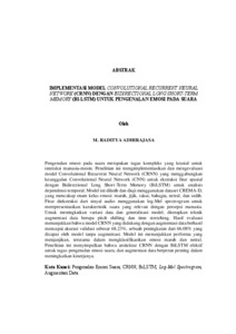 Pengenalan emosi pada suara merupakan tugas kompleks yang krusial untuk interaksi manusia-mesin. Penelitian ini mengimplementasikan dan mengevaluasi model Convolutional Recurrent Neural Network (CRNN) yang menggabungkan keunggulan Convolutional Neural Network (CNN) untuk ekstraksi fitur spasial dengan Bidirectional Long Short-Term Memory (BiLSTM) untuk analisis dependensi temporal. Model ini dilatih dan diuji menggunakan dataset CREMA-D, yang mencakup enam kelas emosi: marah, jijik, takut, bahagia, netral, dan sedih. Fitur diekstraksi dari sinyal audio menggunakan log-Mel spectrogram untuk merepresentasikan karakteristik suara yang relevan dengan persepsi manusia. Untuk meningkatkan variasi data dan generalisasi model, diterapkan teknik augmentasi data berupa pitch shifting dan time stretching. Hasil evaluasi menunjukkan bahwa model CRNN yang didukung dengan augmentasi data berhasil mencapai akurasi validasi sebesar 68.23%, sebuah peningkatan dari 66.08% yang dicapai oleh model tanpa augmentasi. Model ini menunjukkan performa yang menjanjikan, terutama dalam mengklasifikasikan emosi marah dan netral. Penelitian ini menyimpulkan bahwa arsitektur CRNN dengan BiLSTM efektif untuk tugas pengenalan emosi suara, dan augmentasi data berperan penting dalam meningkatkan kinerjanya. Kata Kunci: Pengenalan Emosi Suara, CRNN, BiLSTM, Log-Mel Spectrogram, Augmentasi Data. Speech emotion recognition is a complex task crucial for human-machine interaction. This study implements and evaluates a Convolutional Recurrent Neural Network (CRNN) model that combines the advantages of a Convolutional Neural Network (CNN) for spatial feature extraction with Bidirectional Long Short-Term Memory (BiLSTM) for temporal dependency analysis. The model is trained and tested using the CREMA-D dataset, which includes six emotion classes: anger, disgust, fear, happiness, neutral, and sadness. Features are extracted from the audio signals using log-Mel spectrograms to represent sound characteristics relevant to human perception. To enhance data variation and model generalization, data augmentation techniques such as pitch shifting and time stretching were implemented. The evaluation results show that the CRNN model with data augmentation achieved a validation accuracy of 68.23%, an increase from the 66.08% achieved by the model without augmentation. The model shows promising performance, especially in classifying the anger and neutral emotions. This study concludes that the CRNN architecture with BiLSTM is effective for the task of speech emotion recognition, and that data augmentation plays a crucial role in enhancing its performance. Keywords: Speech Emotion Recognition, CRNN, BiLSTM, Log-Mel Spectrogram, Data Augmentation.
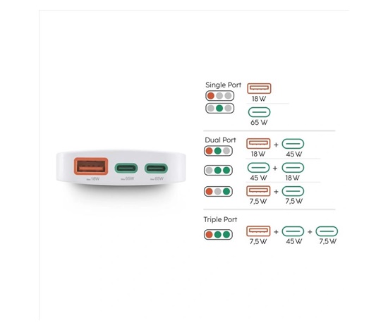 – technologie GaN s vysokou účinností a nízkým vyzařováním tepla umožňuje výrazné zmenšení velikosti nabíječky při zachování vysokého výkonu
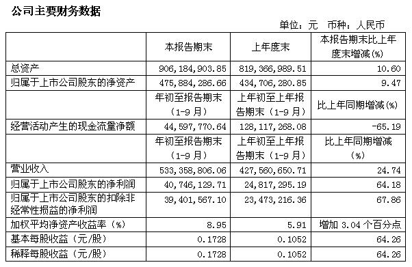 寶光股份2016年3季度主要財務(wù)指標(biāo)
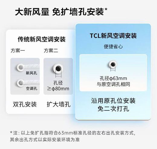 ( TCL新風空調小藍翼Ⅱ 安裝不用二次打墻孔也不用擴墻孔)
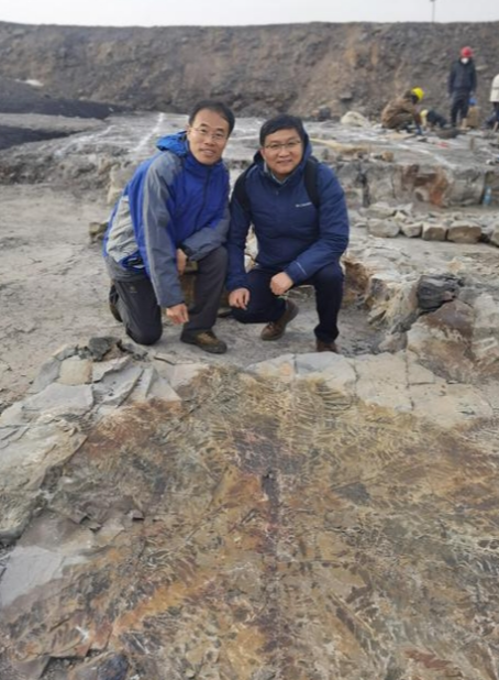 王军(左)在“植物庞贝城”发掘现场。中国科学院南京地质古生物研究所供图

- Exercise aim:
Repeat the listing above verbatim, but exclude the pictures it contains.

- Written response:
 Pengenalan emosi pada suara merupakan tugas kompleks yang krusial untuk interaksi manusia-mesin. Penelitian ini mengimplementasikan dan mengevaluasi model Convolutional Recurrent Neural Network (CRNN) yang menggabungkan keunggulan Convolutional Neural Network (CNN) untuk ekstraksi fitur spasial dengan Bidirectional Long Short-Term Memory (BiLSTM) untuk analisis dependensi temporal. Model ini dilatih dan diuji menggunakan dataset CREMA-D, yang mencakup enam kelas emosi: marah, jijik, takut, bahagia, netral, dan sedih. Fitur diekstraksi dari sinyal audio menggunakan log-Mel spectrogram untuk merepresentasikan karakteristik suara yang relevan dengan persepsi manusia. Untuk meningkatkan variasi data dan generalisasi model, diterapkan teknik augmentasi data berupa pitch shifting dan time stretching. Hasil evaluasi menunjukkan bahwa model CRNN yang didukung dengan augmentasi data berhasil mencapai akurasi validasi sebesar 68.23%, sebuah peningkatan dari 66.08% yang dicapai oleh model tanpa augmentasi. Model ini menunjukkan performa yang menjanjikan, terutama dalam mengklasifikasikan emosi marah dan netral. Penelitian ini menyimpulkan bahwa arsitektur CRNN dengan BiLSTM efektif untuk tugas pengenalan emosi suara, dan augmentasi data berperan penting dalam meningkatkan kinerjanya. Kata Kunci: Pengenalan Emosi Suara, CRNN, BiLSTM, Log-Mel Spectrogram, Augmentasi Data. Speech emotion recognition is a complex task crucial for human-machine interaction. This study implements and evaluates a Convolutional Recurrent Neural Network (CRNN) model that combines the advantages of a Convolutional Neural Network (CNN) for spatial feature extraction with Bidirectional Long Short-Term Memory (BiLSTM) for temporal dependency analysis. The model is trained and tested using the CREMA-D dataset, which includes six emotion classes: anger, disgust, fear, happiness, neutral, and sadness. Features are extracted from the audio signals using log-Mel spectrograms to represent sound characteristics relevant to human perception. To enhance data variation and model generalization, data augmentation techniques such as pitch shifting and time stretching were implemented. The evaluation results show that the CRNN model with data augmentation achieved a validation accuracy of 68.23%, an increase from the 66.08% achieved by the model without augmentation. The model shows promising performance, especially in classifying the anger and neutral emotions. This study concludes that the CRNN architecture with BiLSTM is effective for the task of speech emotion recognition, and that data augmentation plays a crucial role in enhancing its performance. Keywords: Speech Emotion Recognition, CRNN, BiLSTM, Log-Mel Spectrogram, Data Augmentation.
 – technologie GaN s vysokou účinností a nízkým vyzařováním tepla umožňuje výrazné zmenšení velikosti nabíječky při zachování vysokého výkonu
 寶光股份2016年3季度主要財務(wù)指標(biāo)
 ( TCL新風空調小藍翼Ⅱ 安裝不用二次打墻孔也不用擴墻孔)
 王军(左)在“植物庞贝城”发掘现场。中国科学院南京地质古生物研究所供图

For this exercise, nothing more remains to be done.